» Work request: Your answer must be an exact copy of the records below, minus any images.

Items listed in a dataset
....................

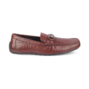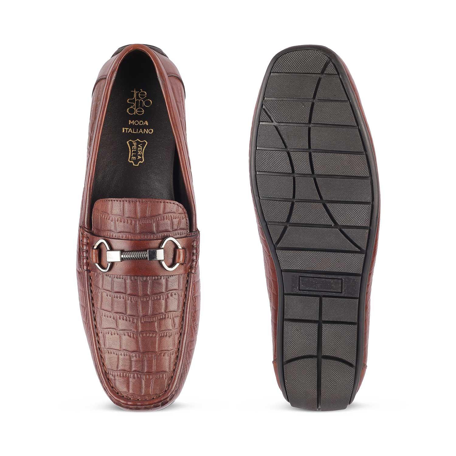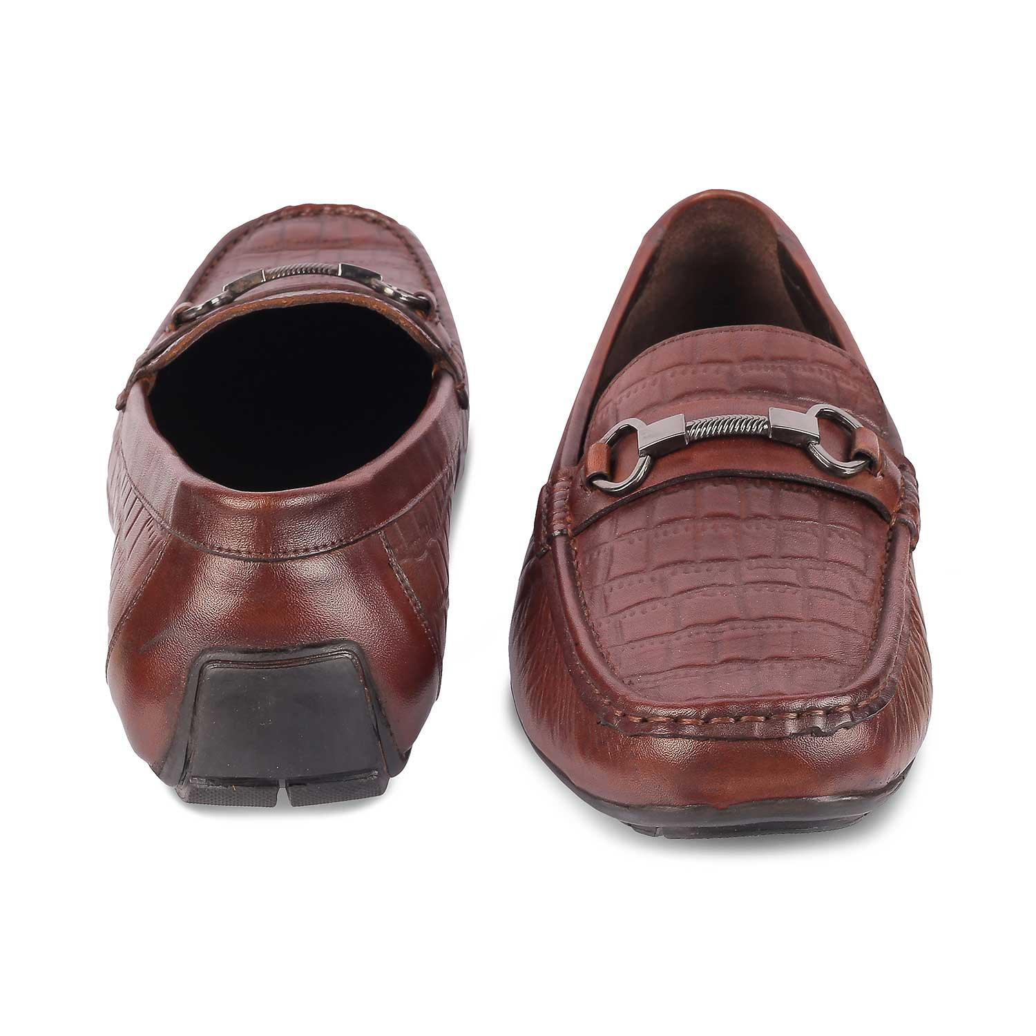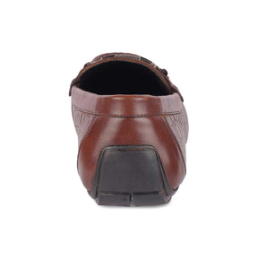 The Miluck Brown Men's Textured Leather Driving Loafers Tresmode
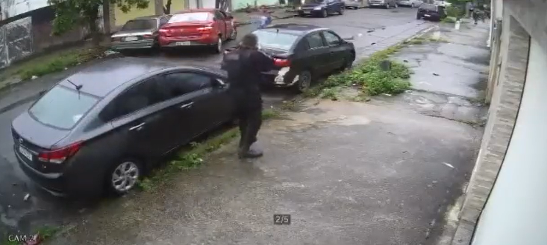 Imagens de câmeras de segurança de casas vizinhas onde a ocorrência aconteceu, mostram o momento em que policiais militares do batalhão da Penha (16º BPM), conseguiram alcançar os bandidos dando ordem de parada logo em seguida. Eles miram as armas para os bandidos, até que os três deixam o interior do automóvel após baterem em outro veículo que estava estacionado.
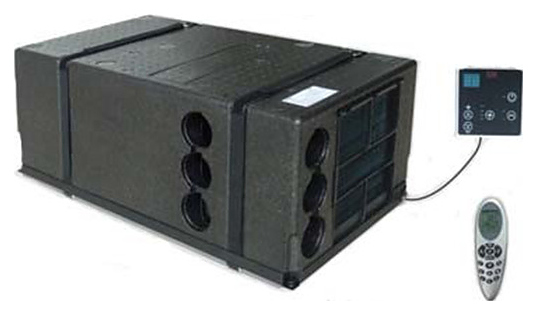 Автономный кондиционер MobileComfort MC3000U предназначен для создания комфортных климатических условий в салонах различного грузового транспорта: мобильных офисов и клиник, выездных лабораторий, спецтехники, катеров и яхт, а также автодомов и кемперов. Система терморегуляции состоит из компрессора, конденсатора, 4-ходового клапана, вентилятора и дополнительного нагревательного элемента, корпус прибора оснащен воздухозаборными и воздуховыводящими отверстиями, беспроводной пульт – кнопочной клавиатурой и информативным дисплеем, настенный пульт – инфракрасным приемником сигнала с беспроводного пульта, кнопочной клавиатурой и цифровым дисплеем. Корпус прибора выполнен из ударопрочного черного пластика с текстурной матовой поверхностью, основание корпуса прибора – из металла с антикоррозийным покрытием, корпус проводного пульта – из белого пластика с черным фронтом, корпус беспроводного пульта – из пластика с серебристой поверхностью. В комплект поставки входят беспроводной инфракрасный пульт дистанционного управления с настенным держателем, настенный проводной пульт дистанционного управления, патрубки слива конденсата, воздухозаборная решетка и набор напольных крепежных петель. Воздуховод и набор дефлекторов не входят в комплект поставки и заказываются отдельно. Особенности:
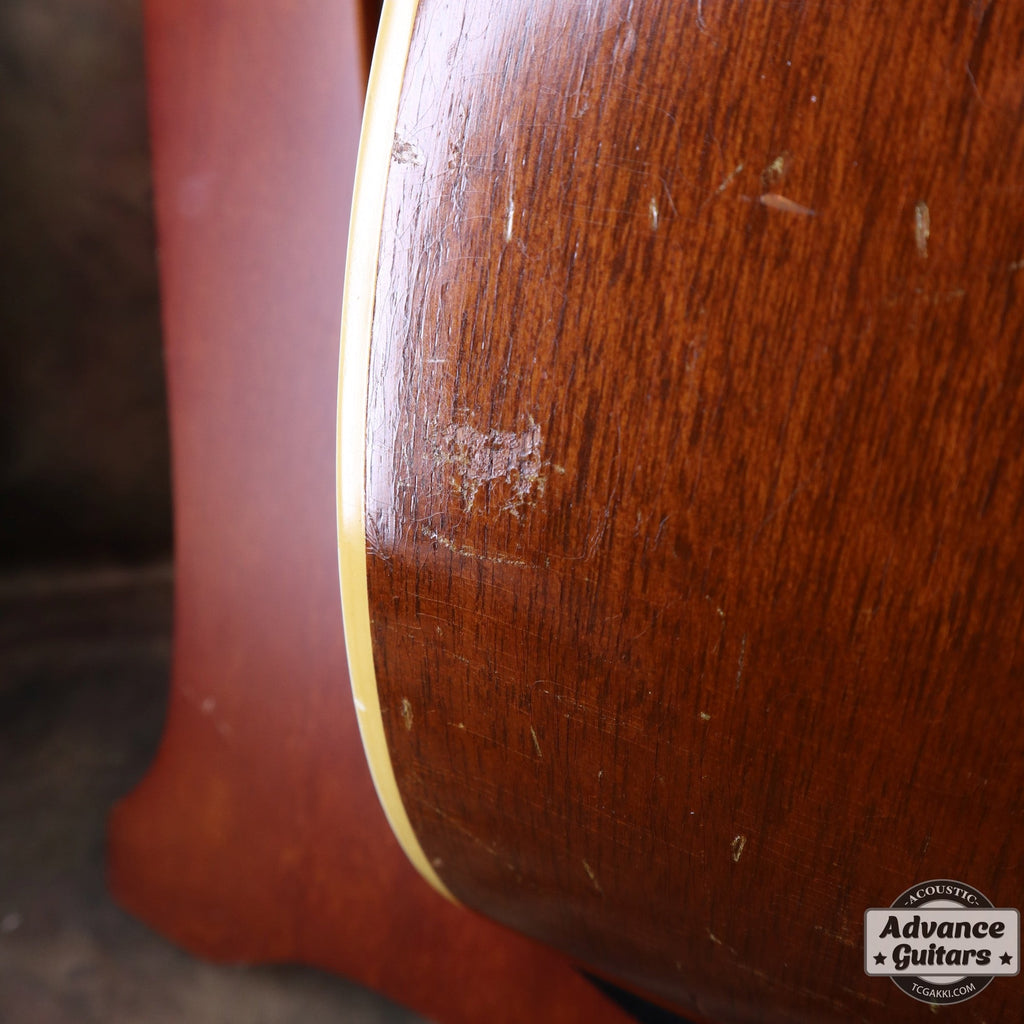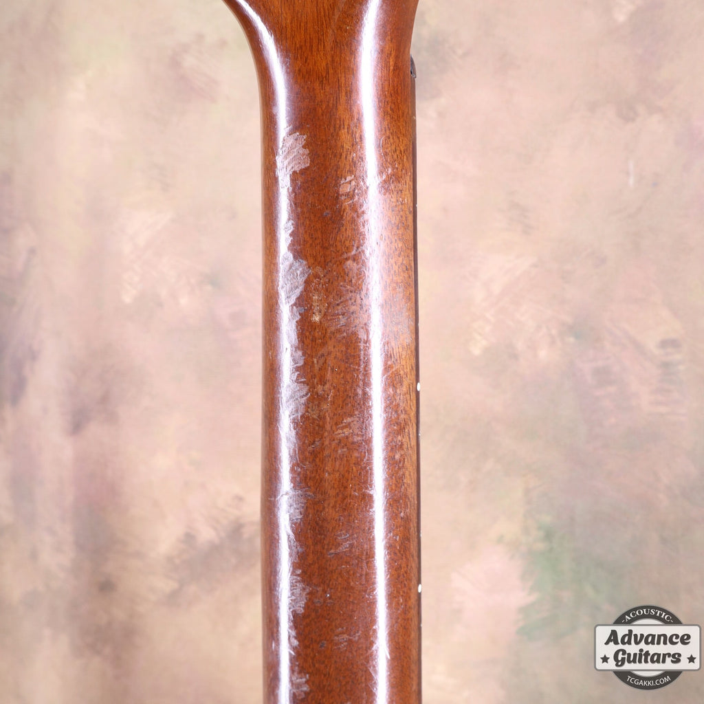 多くの演奏で活躍してきた背景は本機を観察すると見えてきます。 ネックの塗装ハゲやストロークによる弾き傷、ボディやヘッドストックに見られる打痕など。 ストロークした瞬間に感じられる豪快で全体に広がるサウンドはこの要因も大事なポイントなのかもしれないと改めて感じさせてくれる1本です。
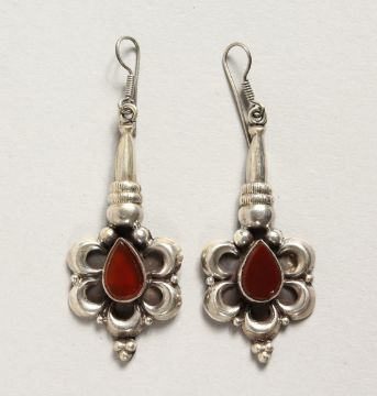 A PAIR OF SILVER AND AGATE DROP EAR RINGS
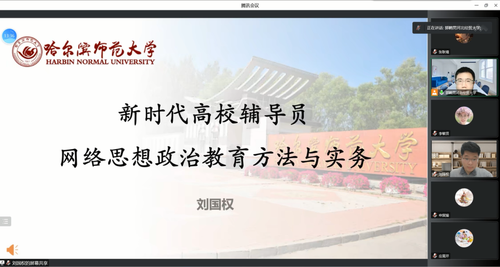 11月11日晚,db旗舰通过腾讯会议举办第9期云梯辅导员能力进阶工作坊,邀请2021年全国最美辅导员、第七届全国高校辅导员素质能力大赛一等奖获得者、哈尔滨师范大学马克思主义公司辅导员刘国权担任主讲嘉宾,近300名来自全国各高校的师生参加了本次工作坊。
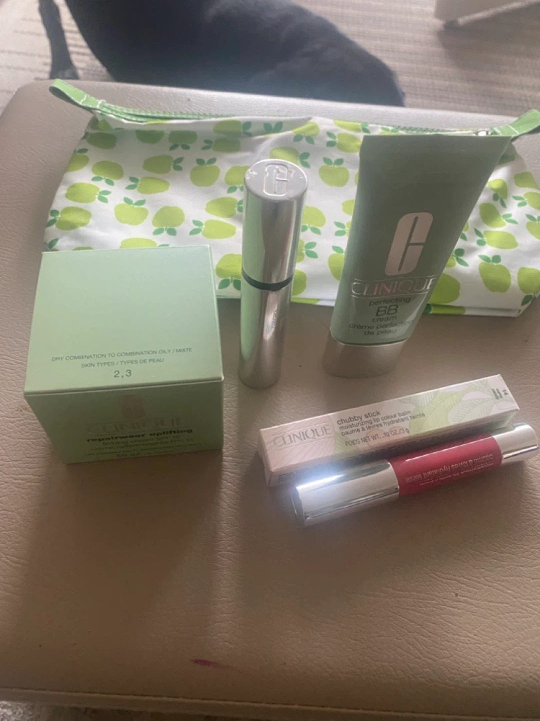 Clinique Repairwear Uplifting Firming Cream SPF 15. It's for dry combination to combination oily/mixte skin types 2,3. The box contains 50 ml of product. It comes with a Clinique Chubby Stick High Impact Mascara and BB cream. Great for your skincare routine!
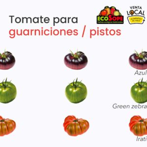Nuestros preferidos para acompañar una guarnición o como base para un pisto son el tomate azul, el Green zebra y el Irati. Si bien cada uno aporta un matiz diferente a la receta, todos ellos concentran muy bien el sabor del tomate, haciendo que su gusto sea duradero en nuestro paladar.
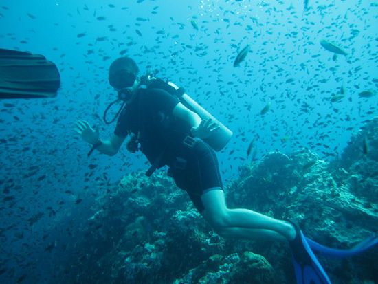 An Tag 3 gings dann morgens um 7 raus zum Tieftauchen am Chumphon Pinnacle. Die bisher geilste Divesite wo ich war! Riesige Felsen unter Wasser und tolle Felsformationen mit tausenden von Fischen. Sind dort bis 31,4 m runter und mussten einige Rechenaufgaben loesen da manche Leute in solchen Tiefen besoffen werden - seltsames Phaenomen aber ist wohl so! Danach sind wir dann noch rumgetaucht und haben einen Schwarm Barracudas sowie nen Lionfish gesehn.
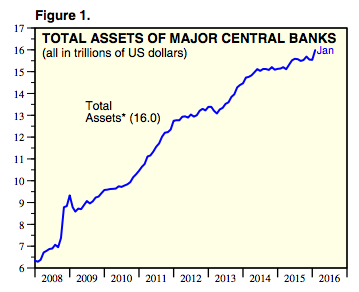 Tampoco lo estaba años más tarde que entidades financieras a lo largo de todo el globo pudiesen quebrar, ni que tras rescatar a estas e intentar enmedar los efectos de la crisis financiera, algunos estados se quedasen al borde de la bancarrota. De repente, llegaron los salvadores Bancos Centrales a fagocitar el virus de la deuda que tantos cadáveres ha dejado en las cunetas. ¡Con lo sencilla que era la solución, cómo es que no se nos había ocurrido antes!. Imprimimos dinero y con él compramos esa deuda que pocos quieren. Metemos esa deuda en nuestro balance y listo. En el siguiente gráfico se puede ver la evolución del balance de los principales Bancos Centrales mundiales.
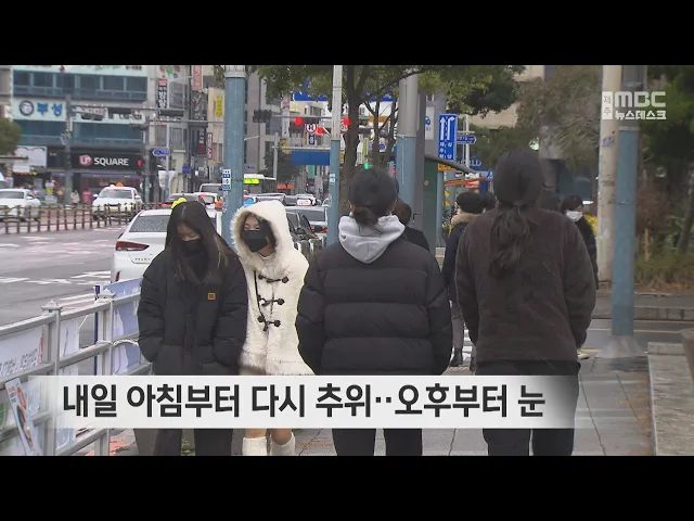 내일 아침부터 기온이 크게 떨어져 다시 추워지겠고, 비나 눈이 내리겠습니다. 내일 아침 최저기온은 4도에서 5도로 오늘보다 3도 가량 떨어지겠고, 낮에도 기온이 오르지 않으면서 5도에서 8도에 머물겠습니다. 오후부터 산지에는 시간당 1에서 3cm의 많은 눈이 내리겠고, 해안에는 비나 눈이 오겠습니다. 기상청은 찬공기...

....................

» Worked solution:
 The Miluck Brown Men's Textured Leather Driving Loafers Tresmode
 Imagens de câmeras de segurança de casas vizinhas onde a ocorrência aconteceu, mostram o momento em que policiais militares do batalhão da Penha (16º BPM), conseguiram alcançar os bandidos dando ordem de parada logo em seguida. Eles miram as armas para os bandidos, até que os três deixam o interior do automóvel após baterem em outro veículo que estava estacionado.
 Автономный кондиционер MobileComfort MC3000U предназначен для создания комфортных климатических условий в салонах различного грузового транспорта: мобильных офисов и клиник, выездных лабораторий, спецтехники, катеров и яхт, а также автодомов и кемперов. Система терморегуляции состоит из компрессора, конденсатора, 4-ходового клапана, вентилятора и дополнительного нагревательного элемента, корпус прибора оснащен воздухозаборными и воздуховыводящими отверстиями, беспроводной пульт – кнопочной клавиатурой и информативным дисплеем, настенный пульт – инфракрасным приемником сигнала с беспроводного пульта, кнопочной клавиатурой и цифровым дисплеем. Корпус прибора выполнен из ударопрочного черного пластика с текстурной матовой поверхностью, основание корпуса прибора – из металла с антикоррозийным покрытием, корпус проводного пульта – из белого пластика с черным фронтом, корпус беспроводного пульта – из пластика с серебристой поверхностью. В комплект поставки входят беспроводной инфракрасный пульт дистанционного управления с настенным держателем, настенный проводной пульт дистанционного управления, патрубки слива конденсата, воздухозаборная решетка и набор напольных крепежных петель. Воздуховод и набор дефлекторов не входят в комплект поставки и заказываются отдельно. Особенности:
 多くの演奏で活躍してきた背景は本機を観察すると見えてきます。 ネックの塗装ハゲやストロークによる弾き傷、ボディやヘッドストックに見られる打痕など。 ストロークした瞬間に感じられる豪快で全体に広がるサウンドはこの要因も大事なポイントなのかもしれないと改めて感じさせてくれる1本です。
 A PAIR OF SILVER AND AGATE DROP EAR RINGS
 11月11日晚,db旗舰通过腾讯会议举办第9期云梯辅导员能力进阶工作坊,邀请2021年全国最美辅导员、第七届全国高校辅导员素质能力大赛一等奖获得者、哈尔滨师范大学马克思主义公司辅导员刘国权担任主讲嘉宾,近300名来自全国各高校的师生参加了本次工作坊。
 Clinique Repairwear Uplifting Firming Cream SPF 15. It's for dry combination to combination oily/mixte skin types 2,3. The box contains 50 ml of product. It comes with a Clinique Chubby Stick High Impact Mascara and BB cream. Great for your skincare routine!
Nuestros preferidos para acompañar una guarnición o como base para un pisto son el tomate azul, el Green zebra y el Irati. Si bien cada uno aporta un matiz diferente a la receta, todos ellos concentran muy bien el sabor del tomate, haciendo que su gusto sea duradero en nuestro paladar.
 An Tag 3 gings dann morgens um 7 raus zum Tieftauchen am Chumphon Pinnacle. Die bisher geilste Divesite wo ich war! Riesige Felsen unter Wasser und tolle Felsformationen mit tausenden von Fischen. Sind dort bis 31,4 m runter und mussten einige Rechenaufgaben loesen da manche Leute in solchen Tiefen besoffen werden - seltsames Phaenomen aber ist wohl so! Danach sind wir dann noch rumgetaucht und haben einen Schwarm Barracudas sowie nen Lionfish gesehn.
 Tampoco lo estaba años más tarde que entidades financieras a lo largo de todo el globo pudiesen quebrar, ni que tras rescatar a estas e intentar enmedar los efectos de la crisis financiera, algunos estados se quedasen al borde de la bancarrota. De repente, llegaron los salvadores Bancos Centrales a fagocitar el virus de la deuda que tantos cadáveres ha dejado en las cunetas. ¡Con lo sencilla que era la solución, cómo es que no se nos había ocurrido antes!. Imprimimos dinero y con él compramos esa deuda que pocos quieren. Metemos esa deuda en nuestro balance y listo. En el siguiente gráfico se puede ver la evolución del balance de los principales Bancos Centrales mundiales.
 내일 아침부터 기온이 크게 떨어져 다시 추워지겠고, 비나 눈이 내리겠습니다. 내일 아침 최저기온은 4도에서 5도로 오늘보다 3도 가량 떨어지겠고, 낮에도 기온이 오르지 않으면서 5도에서 8도에 머물겠습니다. 오후부터 산지에는 시간당 1에서 3cm의 많은 눈이 내리겠고, 해안에는 비나 눈이 오겠습니다. 기상청은 찬공기...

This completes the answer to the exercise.